By all accounts, it is common knowledge that the April election is a foregone conclusion with the African National Congress set to win again, most likely with an increased majority.
From analysts to opinion polls, there is wide consensus. The issue of contention in South African electoral politics since 1994 has always been what percentage of the vote the ANC will achieve and how the opposition will fare.
To the extent that the ANC will continue to dominate South African politics in the foreseeable future, there has not been any electoral contest since 1994.
Predictably and understandably, this raises the ire of opposition parties, especially the main opposition parties, the Democratic Alliance and Inkatha Freedom Party.
After all, they don’t want to be seen to be cheering the ANC by conceding this point. But without realising it, they are propping up the ANC in power.
This is asserted by the curious fact that they have very low opinions of themselves and have literally conceded defeat even before the elections start.
The DA — in alliance with the IFP — hopes at best to win 30% of the vote. And by any standards, this is a depressing ambition from an alliance comprising the two main opposition parties.

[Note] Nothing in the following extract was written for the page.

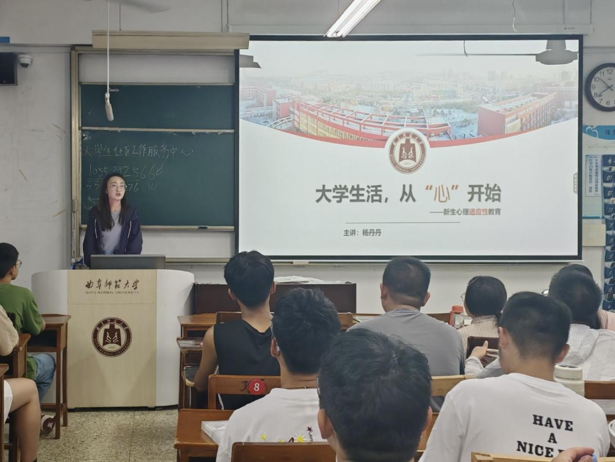 新生辅导员杨丹丹以“大学生活,从心开始”为主题,从新生常见心理问题、心理问题的原因和解决途径三个方面展开讲解。她表示,新生由于人际关系、经济、学习方式等方面的变化容易产生各种心理适应性问题,可以从建立宿舍公约、换位思考、学习心理健康知识、增加求助意识等方面入手,以积极的心态迎接大学生活。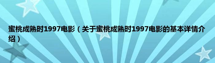 蜜桃成熟时1997电影(关于蜜桃成熟时1997电影的基本详情介绍)

The immediate aim of the DA is to position itself as “an alternative government or government in waiting” and just how long the party is going to be content to be in this position is not clear.

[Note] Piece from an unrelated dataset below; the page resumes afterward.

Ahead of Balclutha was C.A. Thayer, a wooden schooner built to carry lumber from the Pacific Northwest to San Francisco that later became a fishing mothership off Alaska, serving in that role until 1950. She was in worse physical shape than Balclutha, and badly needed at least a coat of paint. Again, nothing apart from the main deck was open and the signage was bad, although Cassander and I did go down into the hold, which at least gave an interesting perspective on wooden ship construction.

The Independent Democrats is talking of winning a paltry 5% of the vote, and the New National Party’s ambitions are even lower and it is pinning its hopes on the ANC.
The United Democratic Movement’s leader, Bantu Holomisa, in his own words, aims at his party being among the “top three” after the election — yet another startling assertion of lack of self-confidence.
It is only the Pan Africanist Congress that harbours lofty ambitions in this regard. It has announced that it has two million supporters in the Eastern Cape alone. However, the PAC’s past electoral record seriously cautions us to be very skeptical about such claims.
What is happening in South Africa is unique. Opposition parties are in the election race, at best to maintain their existing power and at worst to ward off total oblivion.
Thus, we should seriously empathise with the South African voter. Opposition parties are weakening democracy by unashamedly conceding that they are not interested in challenging the ANC. In the process, they are seriously demeaning the worth of the vote.
It is therefore not amiss to ask: why should voters support them when by their own admission they have no plans to dislodge the ANC from power?
Where they seem to be very effective is in destroying one another — which is exactly what happened with the near-annihilation of the NNP by the DA in 1999.
And deplorably, recent media reports indicate that they are already starting to snipe at each other instead of challenging the ANC.
This attitude is quite intriguing given their lofty promises. What is baffling is how they are ever going to put these polices into practice when they don’t see themselves as wrestling power away from the ANC and becoming the government.
Strangely enough — despite their bitter complaints that the ANC is becoming too powerful — opposition parties are the main architects and authors of this outcome.
This is especially so with regard to the DA, the official opposition. What the party and arguably most South Africans do not realise, is that the DA and especially Tony Leon, its leader, are the greatest aides of the ANC.
The best thing that ever happened to the ANC in a post-apartheid South Africa, in terms of increasing its support, is the formation of the DA.
Despite public spats between the two, the ANC is gleeful about the policies of the DA and has it exactly where it wants it to be.
As long as the DA continues to espouse polices that are hostile to the black majority — through combative and belligerent leaders like Leon, and especially against the working class — the ANC’s dominance is assured.
For the reality of South African politics is that no political party will ever rule this country if its economic policies are antagonistic to the black majority, especially workers.
And it is palpable fiction to maintain that mundane palliatives like the basic income grant, advocated by the DA, are alternative economic strategies.
Black voters fear the DA’s core economic message: the conservative, rightwing policies that will target them first, if ever the party wins power.
Thus, South Africa continues to be a land of “miracles”. The ruling ANC is more seriously worried about its own supporters, who may abstain from the ballot box and weaken its power, than it is about opposition parties.
And in this regard, it is ably assisted by those opposition parties.
Dr Thabisi Hoeane is a lecturer in the Department of Political and International Studies at Rhodes University Grahamstown. He contributes regularly to national print media. His PhD was on South African Electoral Studies and Democratisation.